Héctor Aguilar Camín


Día con día

I. LA DEMASIADA QUEJA

La lectura de los diarios mexicanos me hace recordar la anécdota del gran


escritor que en medio de una animada sobremesa de fusilamientos literarios
se atrevió a decir: “No entiendo cómo gente a la que le va tan bien, habla
tan mal de otros”.

Es probable que nunca en la historia de México les haya ido tan bien a los
medios como ahora. Es posible que nunca hayan, tampoco, difundido una
idea tan quejumbrosa del país.

Los mexicanos suelen sacar calificaciones altas en las encuestas obtusas


que miden la felicidad de las naciones.
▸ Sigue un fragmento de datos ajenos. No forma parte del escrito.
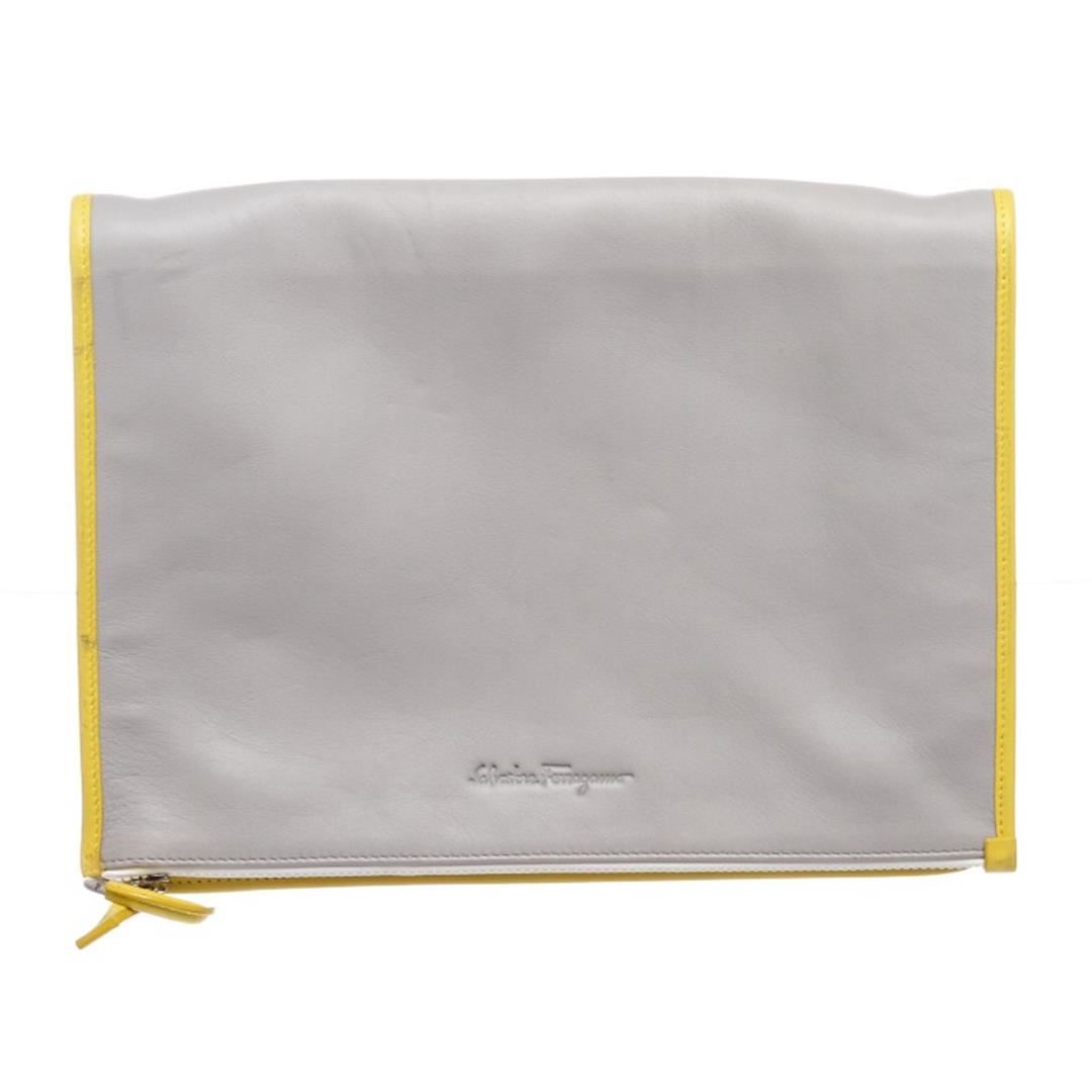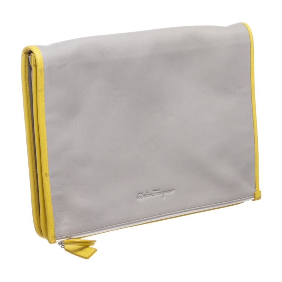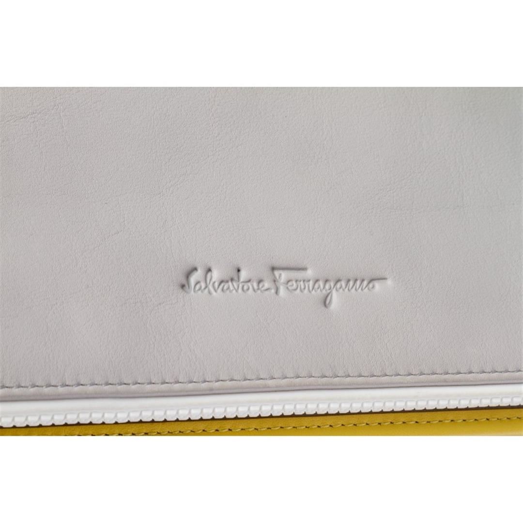 One Salvatore Ferragamo Gray Multicolor Leather Document Holder. Crafted out of gray leather with yellow trim, white zip closure pocket, and silver-tone hardware. Inner magnetic snap closure flap, zip pocket divider, and blue fabric lining. Item is pre-owned.

La población general de México, lo
que algunos llaman “el círculo verde”, es una de las más felices del planeta.

Todo lo contrario sucede en el llamado “círculo rojo”, el círculo de la prensa,


la opinión publicada y la opinión declarada. En el círculo rojo, México debe
tener una de las más altas calificaciones de infelicidad del mundo.

Si hubiera que definir los rasgos comunes al círculo rojo de todas las
tendencias, serían la inconformidad, la crítica y la queja. Y cada vez más,
sólo la queja.

La queja pública que es un extremo vicioso de la crítica, un barro


adolescente del ejercicio de la libertad de expresión.

He aquí una tendencia que empieza a ser hartante: la crítica que se


convierte en queja y la queja que se olvida de la crítica. La queja pública de
que hablo es la crítica vuelta facilismo, la molestia vuelta desahogo.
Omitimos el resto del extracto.